GOAL OF THE EXERCISE: Would you please repeat exactly the entries below, starting at the line with "Our finished Number" and ending at the line with "截至8月24日,8個環(hu", and nothing outside that range? Leave out the pictures.

INPUT:
--- --- ---
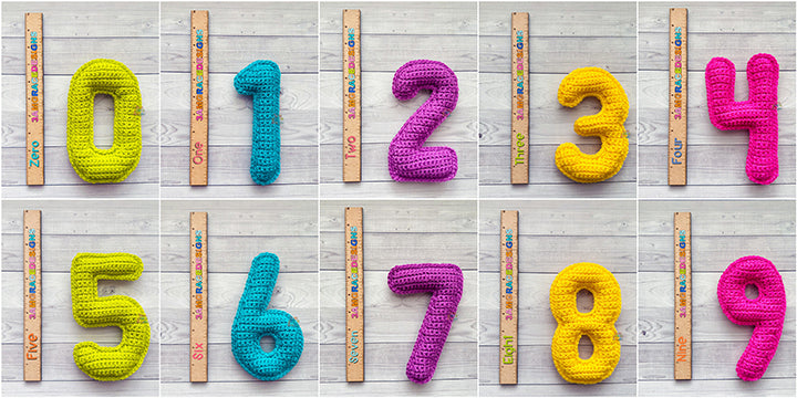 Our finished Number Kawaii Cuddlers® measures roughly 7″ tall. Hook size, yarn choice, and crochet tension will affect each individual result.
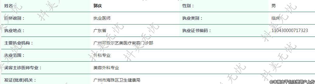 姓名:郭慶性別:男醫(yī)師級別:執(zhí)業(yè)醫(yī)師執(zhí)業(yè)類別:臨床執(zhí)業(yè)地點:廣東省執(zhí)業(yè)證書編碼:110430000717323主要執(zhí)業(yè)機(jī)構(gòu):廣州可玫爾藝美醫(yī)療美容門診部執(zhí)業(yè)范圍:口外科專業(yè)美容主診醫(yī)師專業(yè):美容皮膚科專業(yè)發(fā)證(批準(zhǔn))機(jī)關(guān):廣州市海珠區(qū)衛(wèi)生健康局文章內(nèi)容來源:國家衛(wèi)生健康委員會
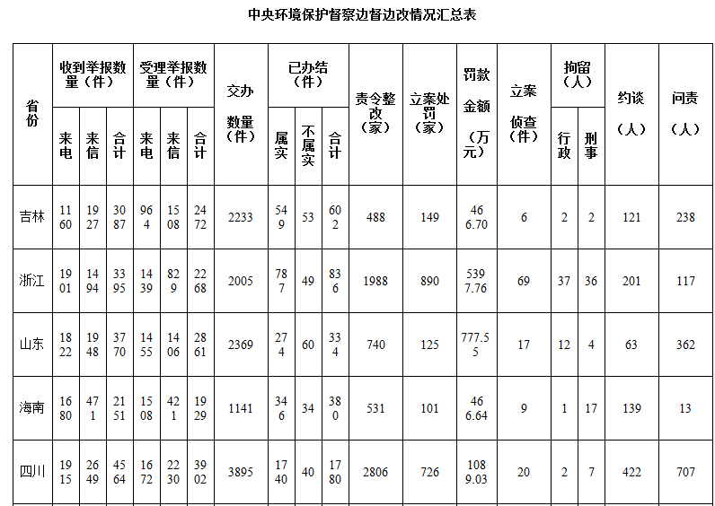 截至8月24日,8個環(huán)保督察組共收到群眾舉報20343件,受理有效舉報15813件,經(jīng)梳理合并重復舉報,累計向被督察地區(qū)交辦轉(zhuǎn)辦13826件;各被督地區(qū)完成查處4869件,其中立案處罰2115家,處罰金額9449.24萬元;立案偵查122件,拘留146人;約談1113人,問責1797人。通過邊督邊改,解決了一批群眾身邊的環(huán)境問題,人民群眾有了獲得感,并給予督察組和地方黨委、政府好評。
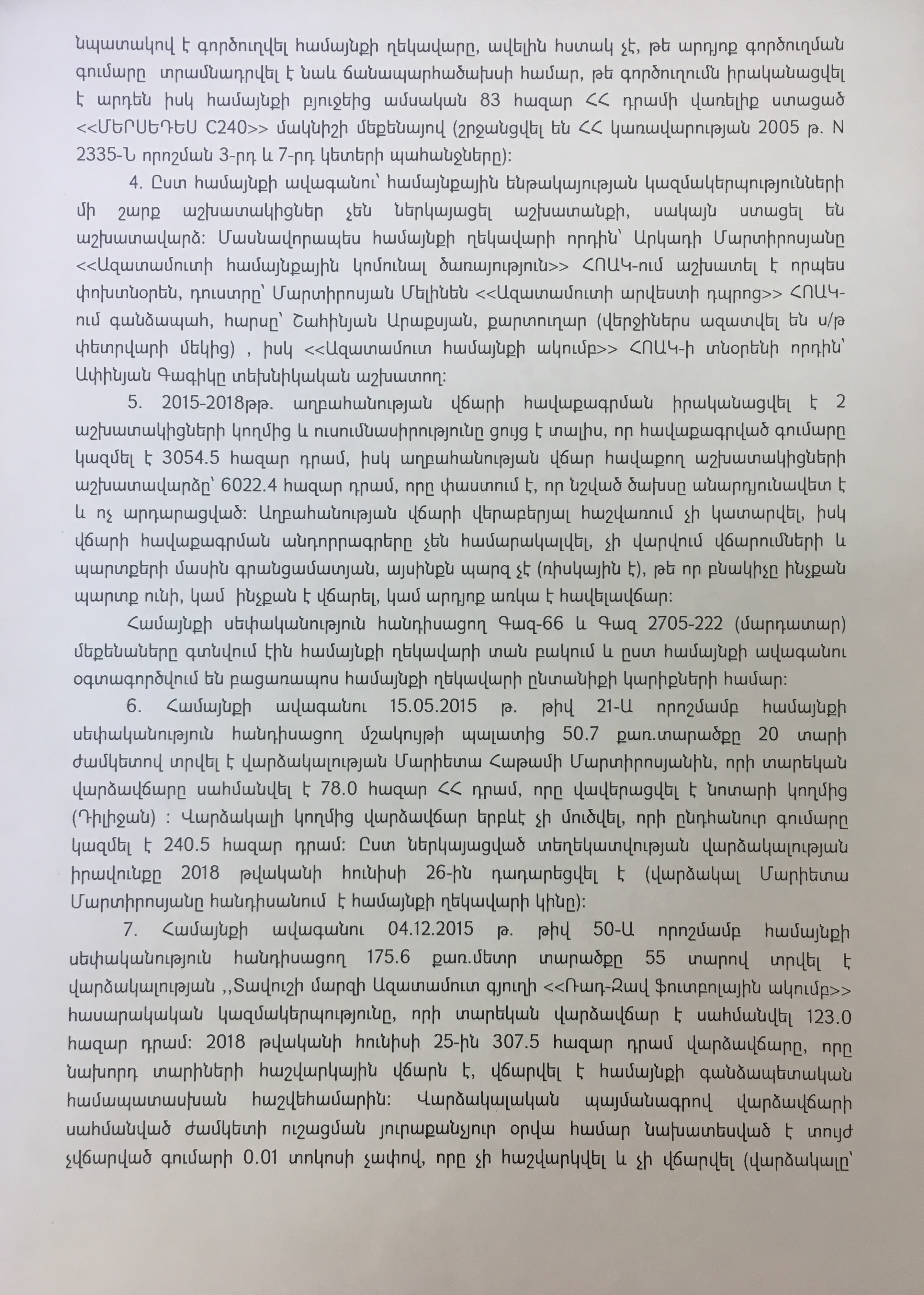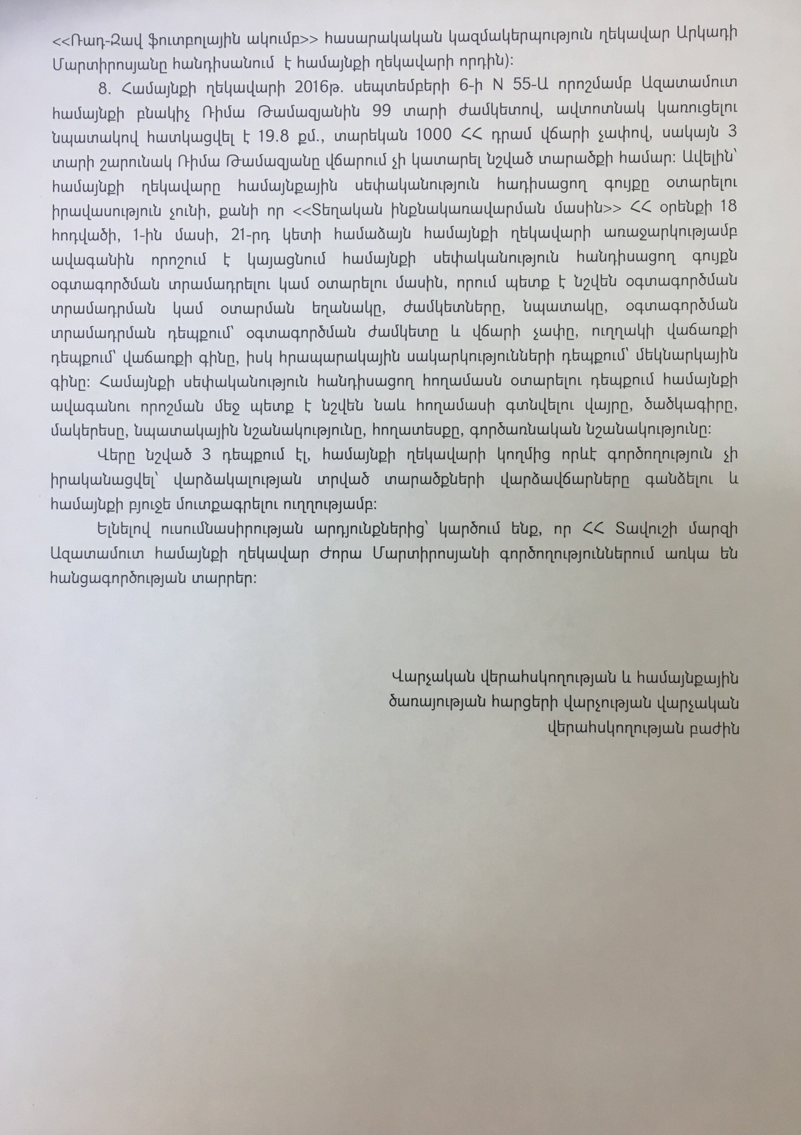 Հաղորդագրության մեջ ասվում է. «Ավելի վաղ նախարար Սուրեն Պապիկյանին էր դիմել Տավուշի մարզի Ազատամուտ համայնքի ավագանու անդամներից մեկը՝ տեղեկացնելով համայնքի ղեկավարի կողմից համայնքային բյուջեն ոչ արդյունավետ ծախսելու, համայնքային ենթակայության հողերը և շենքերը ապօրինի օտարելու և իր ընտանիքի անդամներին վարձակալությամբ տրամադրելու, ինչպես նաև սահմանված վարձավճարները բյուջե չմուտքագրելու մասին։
--- --- ---
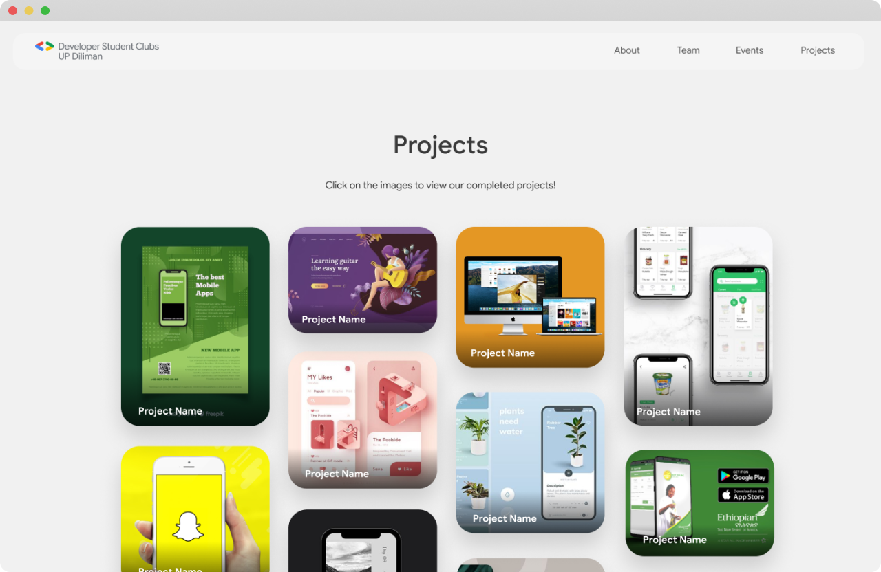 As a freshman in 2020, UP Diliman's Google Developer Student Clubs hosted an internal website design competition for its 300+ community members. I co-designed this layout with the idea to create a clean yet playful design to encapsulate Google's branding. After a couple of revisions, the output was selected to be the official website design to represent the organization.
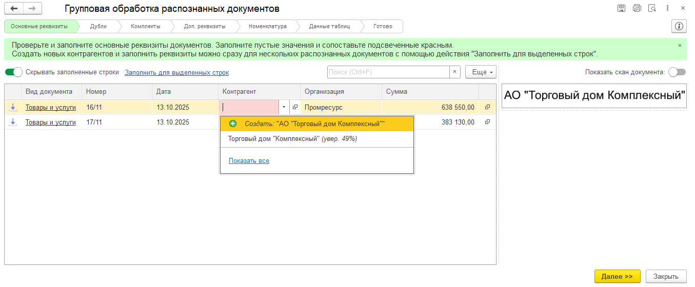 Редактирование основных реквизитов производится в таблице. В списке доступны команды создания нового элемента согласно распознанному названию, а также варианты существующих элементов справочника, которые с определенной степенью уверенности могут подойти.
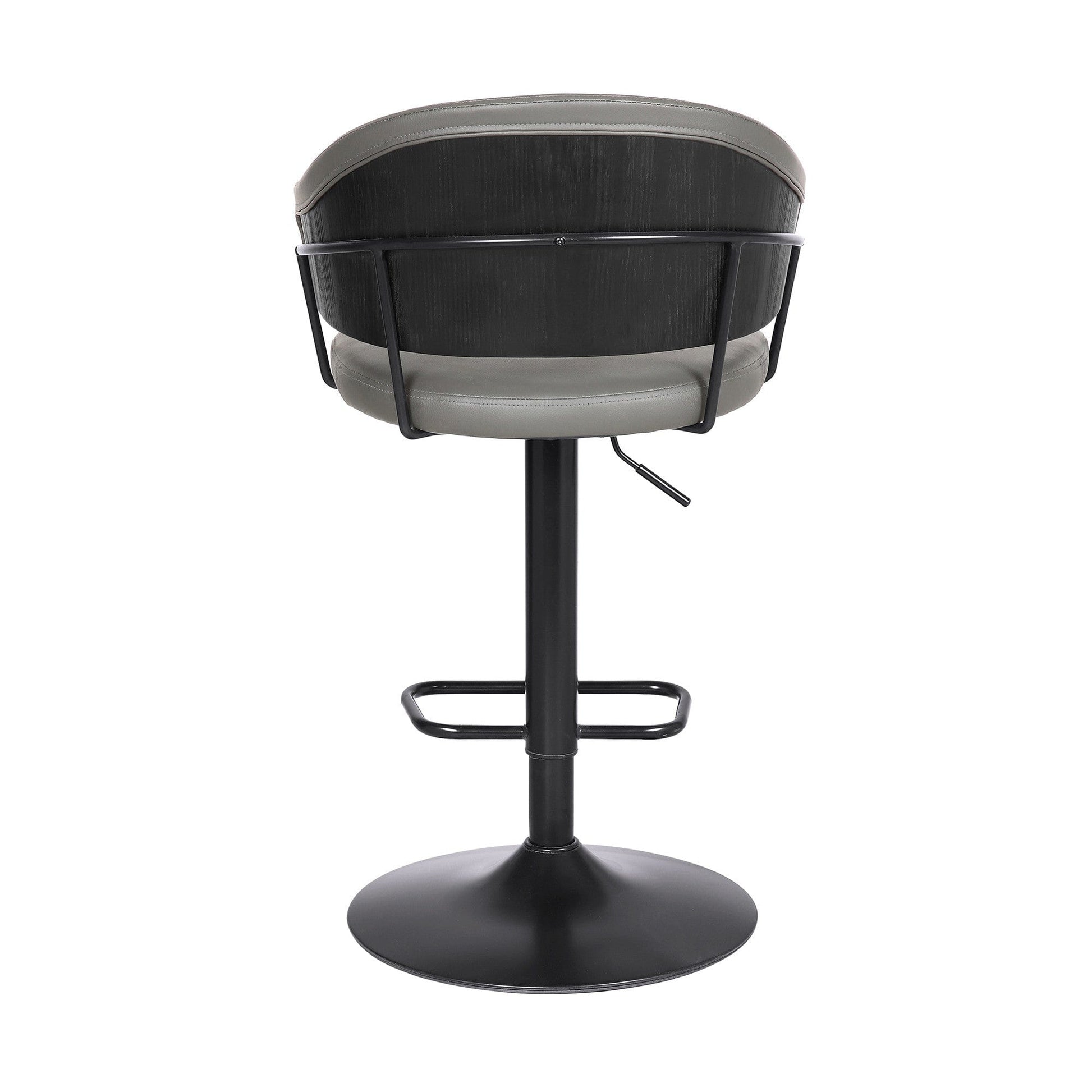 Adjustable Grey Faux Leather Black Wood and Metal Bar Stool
--- --- ---
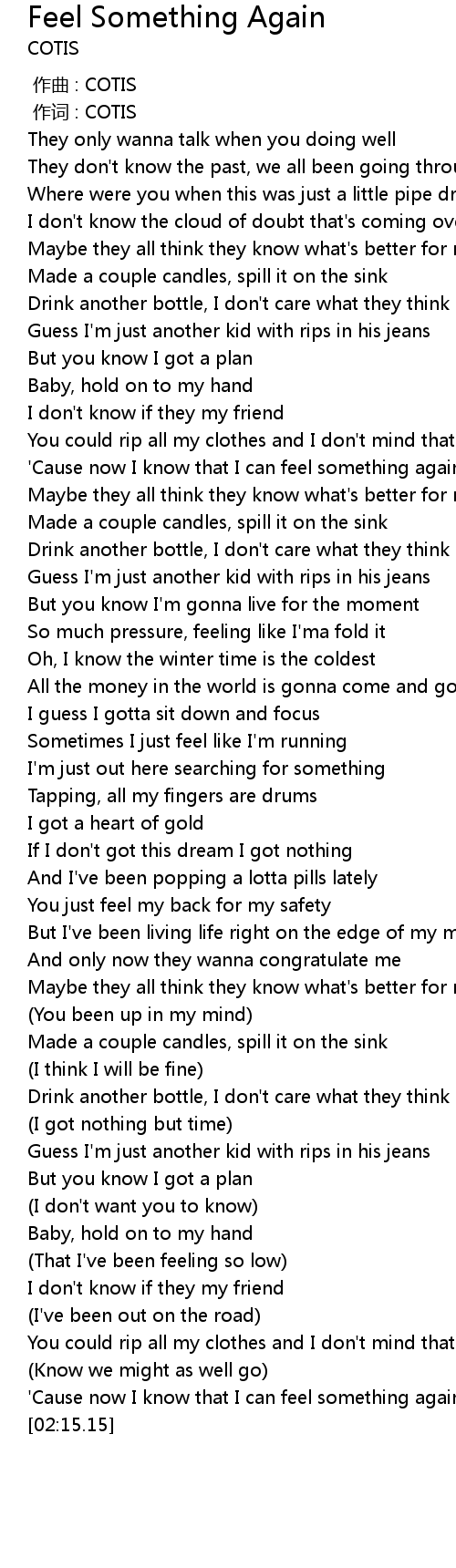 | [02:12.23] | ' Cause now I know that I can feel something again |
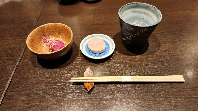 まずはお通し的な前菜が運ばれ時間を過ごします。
--- --- ---
RESPONSE BOX:
 Our finished Number Kawaii Cuddlers® measures roughly 7″ tall. Hook size, yarn choice, and crochet tension will affect each individual result.
 姓名:郭慶性別:男醫(yī)師級別:執(zhí)業(yè)醫(yī)師執(zhí)業(yè)類別:臨床執(zhí)業(yè)地點:廣東省執(zhí)業(yè)證書編碼:110430000717323主要執(zhí)業(yè)機(jī)構(gòu):廣州可玫爾藝美醫(yī)療美容門診部執(zhí)業(yè)范圍:口外科專業(yè)美容主診醫(yī)師專業(yè):美容皮膚科專業(yè)發(fā)證(批準(zhǔn))機(jī)關(guān):廣州市海珠區(qū)衛(wèi)生健康局文章內(nèi)容來源:國家衛(wèi)生健康委員會
 截至8月24日,8個環(huán)保督察組共收到群眾舉報20343件,受理有效舉報15813件,經(jīng)梳理合并重復舉報,累計向被督察地區(qū)交辦轉(zhuǎn)辦13826件;各被督地區(qū)完成查處4869件,其中立案處罰2115家,處罰金額9449.24萬元;立案偵查122件,拘留146人;約談1113人,問責1797人。通過邊督邊改,解決了一批群眾身邊的環(huán)境問題,人民群眾有了獲得感,并給予督察組和地方黨委、政府好評。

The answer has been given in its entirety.